Instructions to follow >>
In your copy of the data, keep every word exact and include no pictures.

----- Dataset section -----

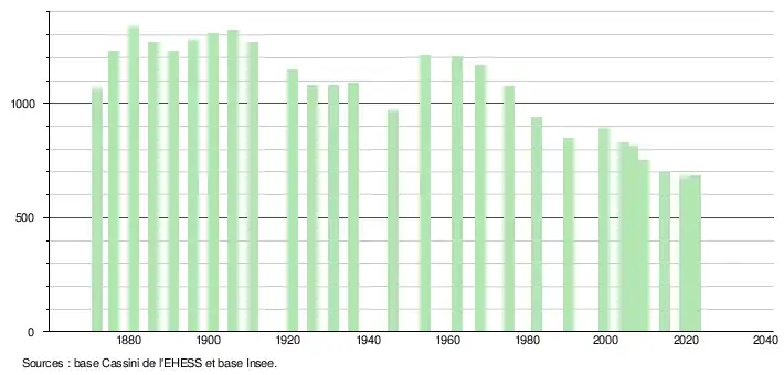 - ↑ Fiches Insee - Populations de référence de la commune pour les années 2006, 2007, 2008, 2009, 2010, 2011, 2012, 2013, 2014, 2015, 2016, 2017, 2018, 2019, 2020, 2021 et 2022.
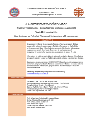 Komunikat 3 - X Zjazd Geomorfologów Polskich 2014
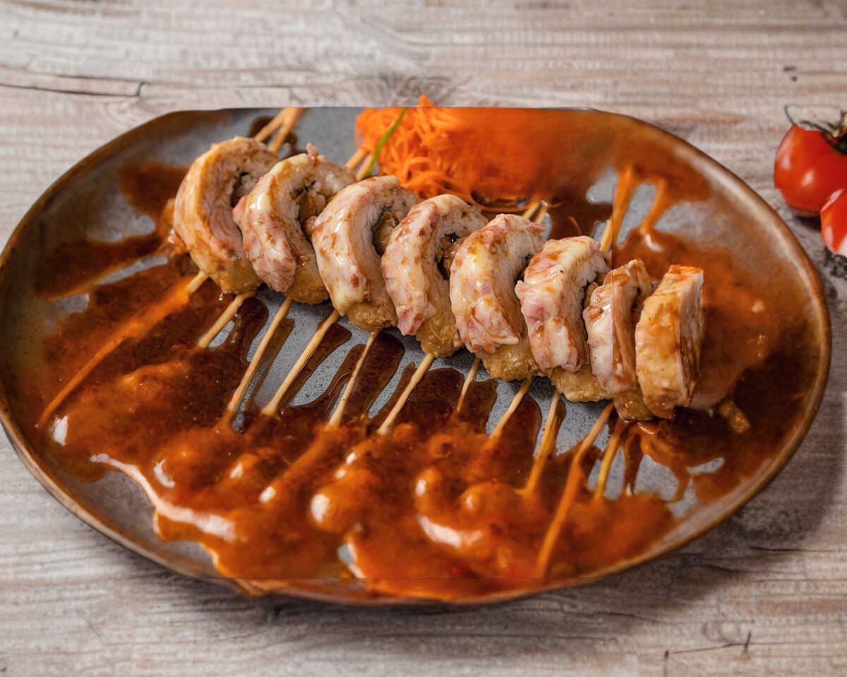 Rollo de tocino, chile serrano, por fuera pollo empanizado, bañado en salsa BBQ y salsa de anguila.

-----

Result >>
 - ↑ Fiches Insee - Populations de référence de la commune pour les années 2006, 2007, 2008, 2009, 2010, 2011, 2012, 2013, 2014, 2015, 2016, 2017, 2018, 2019, 2020, 2021 et 2022.
 Komunikat 3 - X Zjazd Geomorfologów Polskich 2014
 Rollo de tocino, chile serrano, por fuera pollo empanizado, bañado en salsa BBQ y salsa de anguila.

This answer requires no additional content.